The wax that has melted in God’s will can easily receive the stamp of its identity, the truth of what it was meant to be. But the wax that is hard and dry and brittle and without love will not take the seal: for the hard seal, descending upon it, grinds it to powder.

Therefore if you spend your life trying to escape from the heat of the fire that is meant to soften and prepare you to become your true self, and if you try to keep your substance from melting in the fire–as if your true identity were to be hard wax–the seal will fall upon you at last and crush you. You will not be able to take your own true name and countenance, and you will be destroyed by the event that was meant to be your fulfillment.

 

About Mary (in chapter 23 “The Woman Clothed with the Sun”):

As a matter of fact, this is precisely her greatest glory: that having nothing of her own, retaining nothing of a “self” that could glory in anything for her own sake, she placed no obstacle to the mercy of God and in no way resisted His love and His will. Hence she received more from Him than any other saint. He was able to accomplish His will perfectly in her, and His liberty was in no way hindered or turned from its purpose by the presence of an egotistical self in Mary. She was and is in the highest sense a person precisely because, being “immaculate,” she was free from every taint of selfishness that might obscure God’s light in her being. She was then a freedom that obeyed Him perfectly and in this obedience found the fulfillment of perfect love.

 

On humility (in chapter 25 “Humility Against Despair”):

The joy of the mystical love of God springs from a liberation from all self-hood by the annihilation of every trace of pride. Desire not to be exalted but only to be abased, not to be great but only little in your own eyes and the eyes of the world: for the only way to enter into that joy is to dwindle down to a vanishing point and become absorbed in God through the center of your own nothingness. The only way to possess His greatness is to pass through the needle’s eye of your own absolute insufficiency.

 

On the distinction between self-confidence and faith  (in chapter 25 “Humility Against Despair”):

Self-confidence is a precious natural gift, a sign of health. But it is not the same as faith. Faith is much deeper, and it must be deep enough to subsist when we are weak, when we are sick, when our self-confidence is gone, when our self-respect is gone. I do not mean that faith only functions when we are otherwise in a state of collapse. But true faith must be able to go on even when everything else is taken away from us. Only a humble man is able to accept faith on these terms, so completely without reservation that he is glad of it in its pure state, and welcomes it happily even when nothing else comes with it, and when everything else is taken away.

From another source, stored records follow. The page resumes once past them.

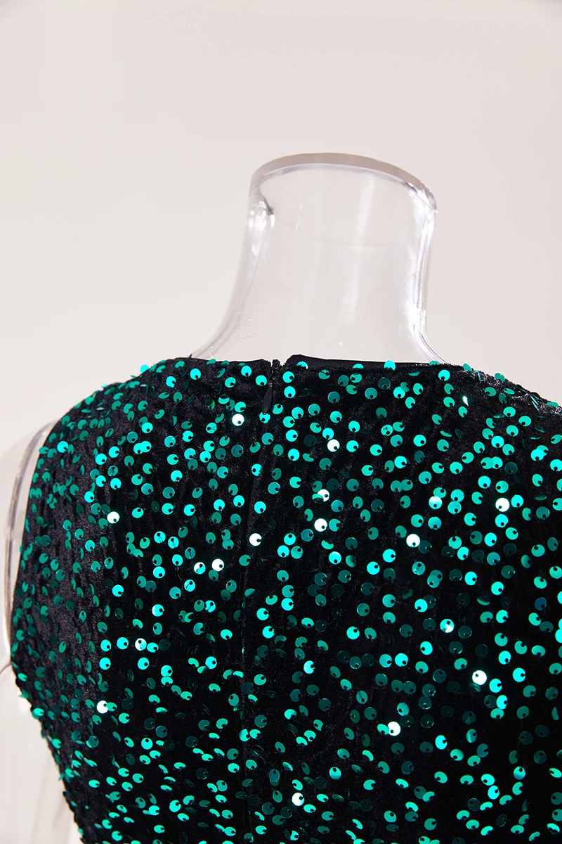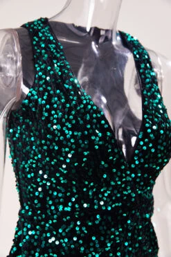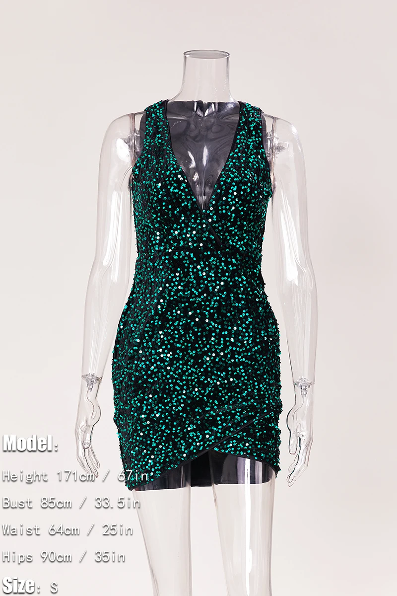 Sexy slight stretch solid color sequins deep v slim mini dress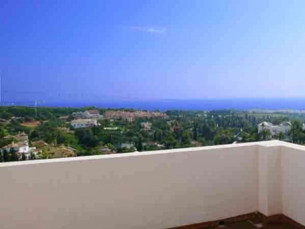 South facing property with stunning sea views.Located in the prestigious area of Marbella Hill Club this property offers south facing views to the sea. This corner townhouse is distributed as follows: entrance hall, guest toilet, fully equipped kitchen with access to the patio, living room with fireplace and open access to the south facing terrace and a separate dining room. On the first floor there are two spacious bedrooms with stunning views of the coast, each with bathroom en-suite and a private terrace. On the lower level, there are two guest bedrooms en-suite, one of them with private terrace. Private garage for two cars plus space for a golf buggy and the possibility to convert part of the basement into an apartment for guests or for the service.The private plot offers space for the construction of a private pool in addition to the communal pool. The property from 2000 is equipped with air conditioning cold-hot, marble flooring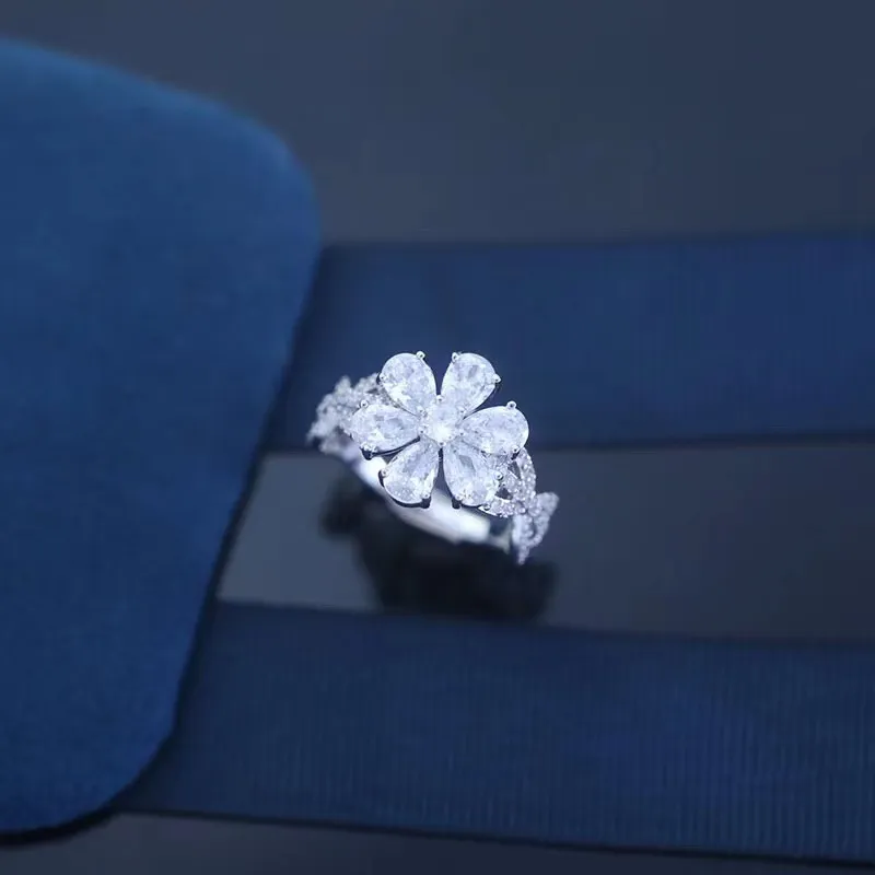 S925 Sterling Silver Six-Leaf Flower Crystal Ring Elegant Floral Jewelry for Women

If we are not humble, we tend to demand that faith must also bring with it good health, peace of mind, good luck, success in business, popularity, world peace, and every other good thing we can imagine. And it is true that God can give us all these good things if He wants to. But they are of no importance compared with faith, which is essential. If we insist on other things as the price of our believing, we tend by that very fact to undermine our own belief. I do not think it would be an act of mercy on God’s part simply to let us get away with this!

 

On freedom  (in chapter 27 “What is Liberty?”):

The mere ability to choose between good and evil is the lowest limit of freedom, and the only thing that is free about it is the fact that we can still choose good.

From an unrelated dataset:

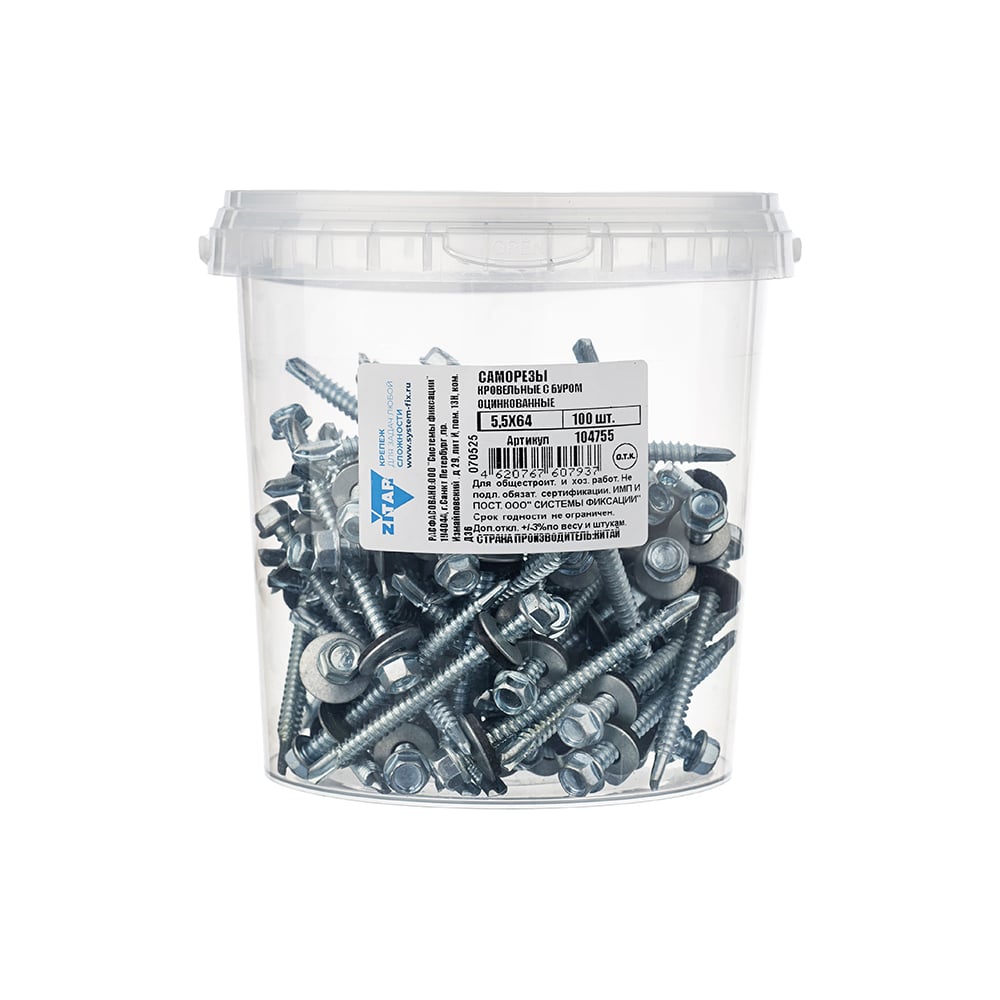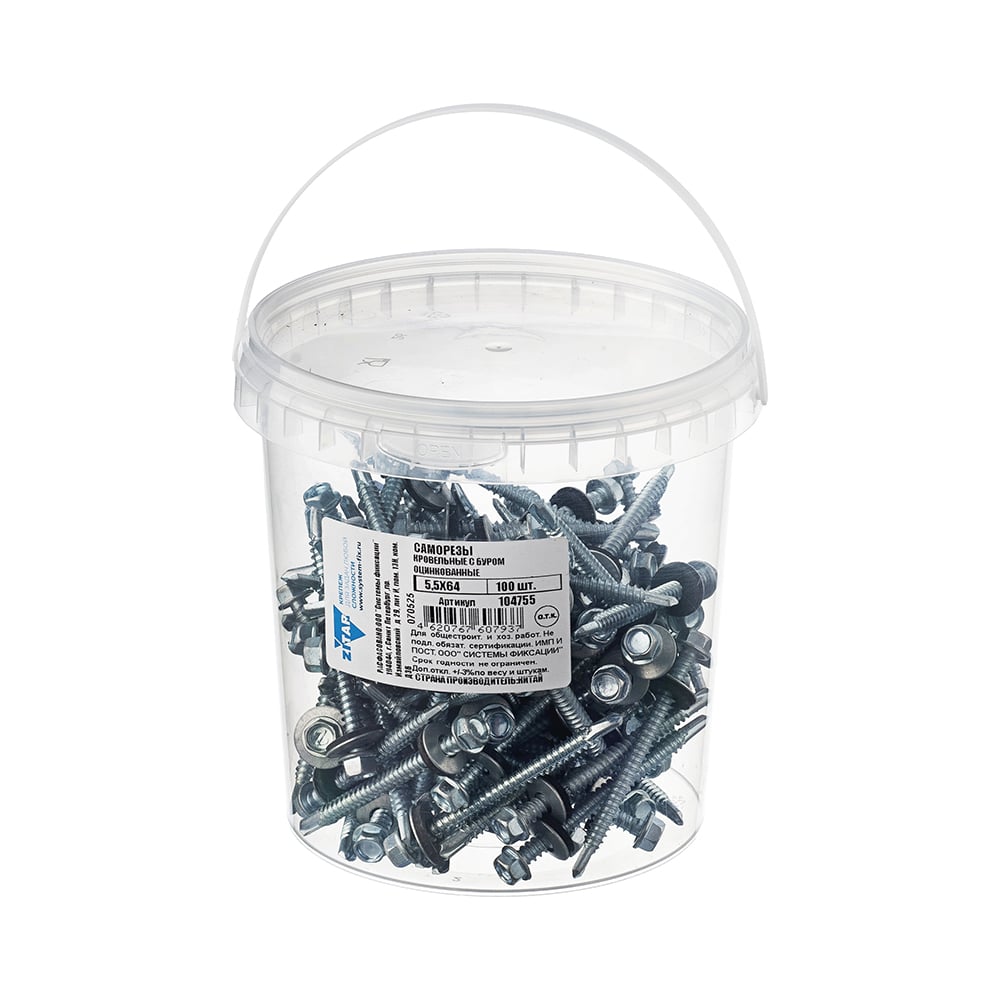 Саморез КР ZP со сверлом, 5,5x64 мм, 100 шт. в ведре Zitar 104755

To the extent that you are free to choose evil, you are not free. An evil choice destroys freedom.

We can never choose evil as evil: only as an apparent good. But when we decide to do something that to us seems good when it is really not so, we are doing something that we do not really want to do, and therefore we are not really free.

Perfect spiritual freedom is a total inability to make any evil choice. When everything you desire is truly good and every choice not only aspires to that good but attains it, then you are free because you do everything that you want, every act of your will ends in perfect fulfillment.

 

On the difference between pleasure and joy (in chapter 35 “Renunciation”):

Life in this world is full of pain. But pain, which is the contrary of pleasure, is not necessarily the contrary of happiness or joy. Because spiritual joy flowers in the full expansion of freedom that reaches out without obstacle to its supreme object, fulfilling itself in the perfect activity of disinterested love for which it was created.

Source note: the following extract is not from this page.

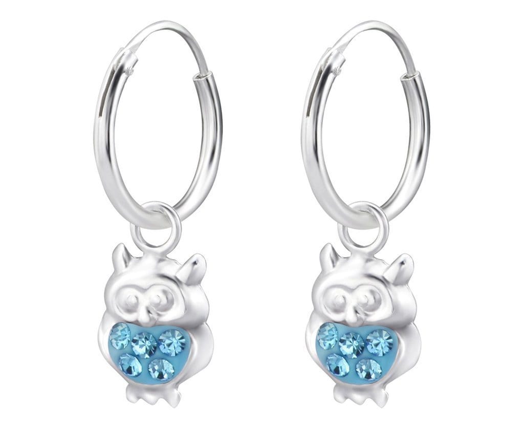 Children's Silver Hanging Owl Crystal Hoop Earrings are sure to be the finishing touch to any outfit. Exquisitely crafted in sterling silver and will give your designs an elegant appearance.

Pleasure, which is selfish, suffers from everything that deprives us of some good we want to savor for our own sakes. But unselfish joy suffers from nothing but selfishness. Pleasure is restrained and killed by pain and suffering. Spiritual joy ignores suffering or laughs at it or even exploits it to purify itself of its greatest obstacle, selfishness.

 

On those who desire to please God (in chapter 38 “Pure Love”):

They are the only ones capable of understanding joy. Joy would kill anyone but these meek. They are the clean of heart. They see God. He does their will, because His will is their own. He does all they want, because He is the One Who desires all their desires. They are the only ones who have everything that they can desire. Their freedom is without limit.

 

(All from New Seeds of Contemplation: pages 161, 171, 182, 187ff, 199, 259, & 288, respectively.)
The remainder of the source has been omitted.